[XML-SIG] xmlproc bug ?

Martin v. Loewis martin@loewis.home.cs.tu-berlin.de
Thu, 6 Sep 2001 16:46:34 +0200


> Is the following behaviour a well known feature or a bug (or me deeply
> misunderstanding SAX)? It looks like xmlproc's Sax2 driver won't produce
> UTF-8 encoded text when parsing a iso-8859-1 encoded file.
> 
> The attached file demonstrates this. I tested it on python 1.5.2 and
> 2.1.1, using PyXML 0.6.6. 
> 
> I'll register this in the bugtracker if it turns out to be a bug. 

I think I got the full story now. xmlproc, in principle, was capable
of performing charset conversions itself. However,

1. To do so, one had to call set_data_charset on the parser. The SAX
   driver doesn't, you'll have to add

            parser.set_data_charset("utf-8")

   into drv_xmlproc.XmlprocDriver.parse.

2. Once you do so, xmlproc will try to perform conversions. In 0.6.6,
   this fails, because of the comment in xmlproc.charconv:

# UTF-8 stuff disabled due to total lack of speed

   If you enable the lines below that comment, the parser will attempt
   charset conversion, but it will indeed slow down significantly.
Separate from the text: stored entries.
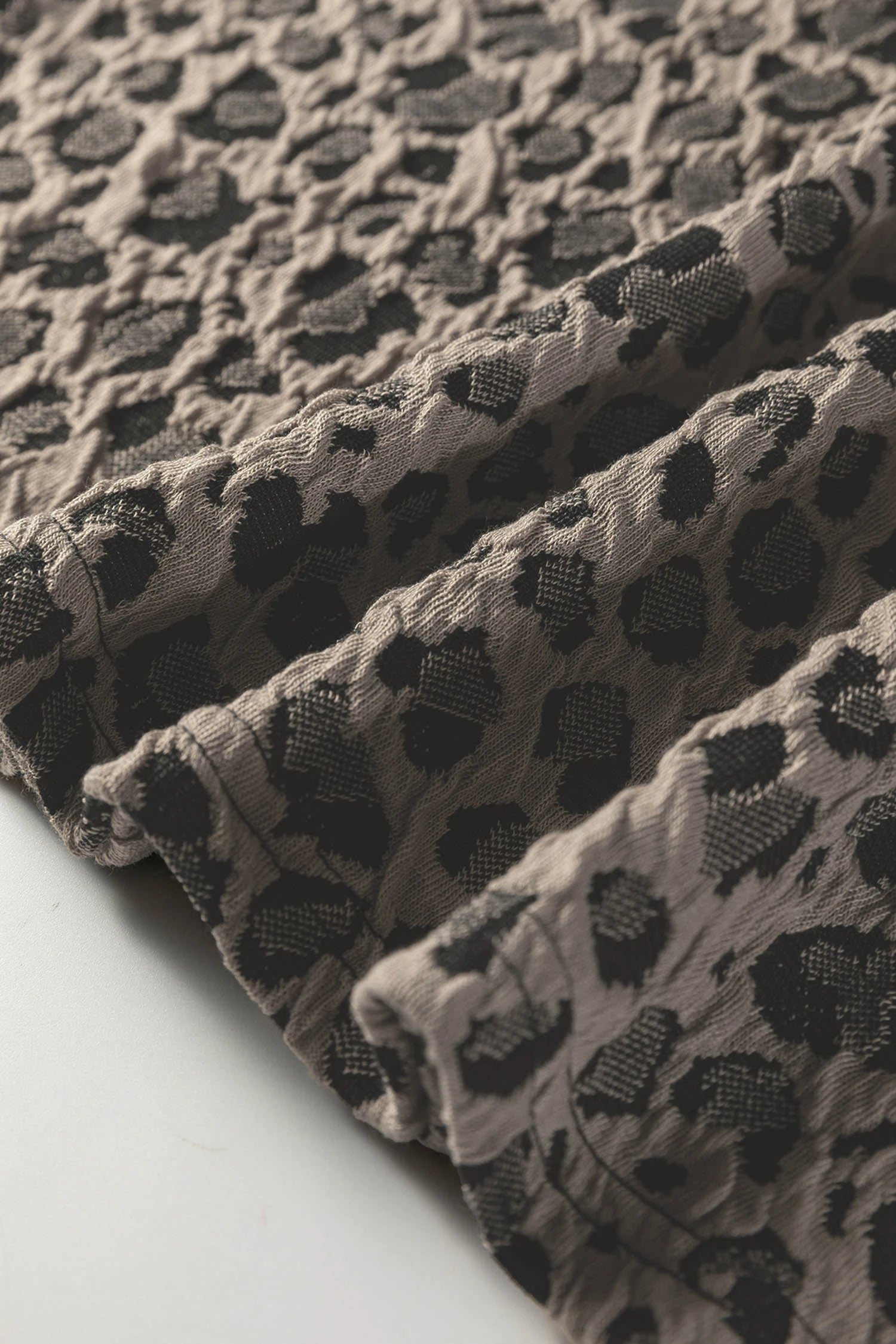 Textured Leopard Print Crew Neck Short Sleeve Top | S-XL
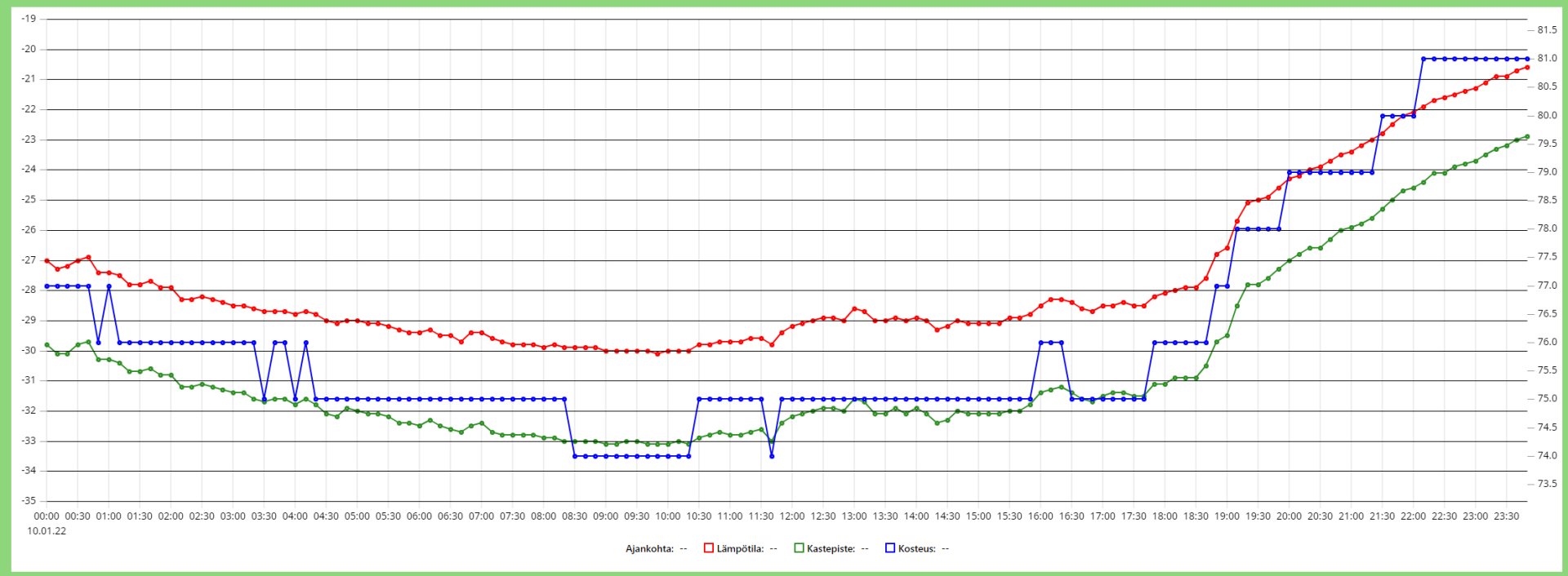 Naruskan lähimaastoissa asuneena tulee seurattua alueen lämpötiloja. 2022 on tähän mennessä ollut neljä vuorokautta, jolloin lämpötila käynyt alle -30 C:n. Kylmin vuorokausi on ollut -29 C keskilämpötilaltaan. Keväällä kun menin mökille mittari näytti tasan -20C.Missä näin kylmä paikka on Suomessa? Sallan Naruska on kylmä mutta ei taida riittää sekään. 2vko -30 astetta on superkylmää. Ainakin käytännössä kaikki ihmiset asuvat lämpimämmässä paikoissa.
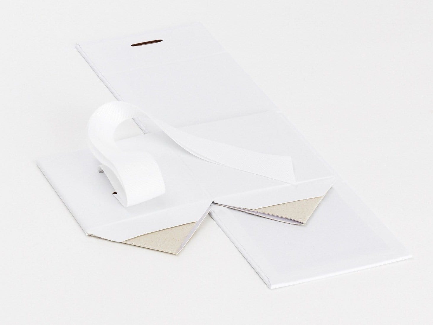 - 80cm length x 2.5cm width white polyester grosgrain ribbon pre-threaded through box body slot. Ribbon can easily be removed and replaced.

3. The parser instantiates the conversion function only after it has
   seen the encoding= attribute. In your example, it has already
   converted the first chunk of data using the old converter (identity
   conversion), and it fails to convert rest of this chunk using the
   new converter. As a result, it will still pass those data as
   Latin-1 to the application.

So in short, it doesn't work at all.

4. In the CVS, the Unicode API is used where available. For that, care
   was taken to convert the rest of the data once the encoding has
   been detected. That's why it 'works' with Py 2.1 and the CVS xmlproc.

5. In the process of integrating Unicode, it was considered pointless
   to allow accented characters in elements if Unicode is not
   available. Those accented characters would have been good only if
   the input is Latin-1, and only if conversion to UTF-8 is not
   performed. They also constitute only a small subset of the legal
   NCName characters. As a result, names are now restricted to ASCII
   letters in CVS PyXML. In turn, your document is rejected with the
   CVS PyXML on Py 1.5.2.

Hope this clarifies it. If you think anything should be done about it,
I can assist in drafting a patch - although I won't attempt to create
one myself.

Regards,
Martin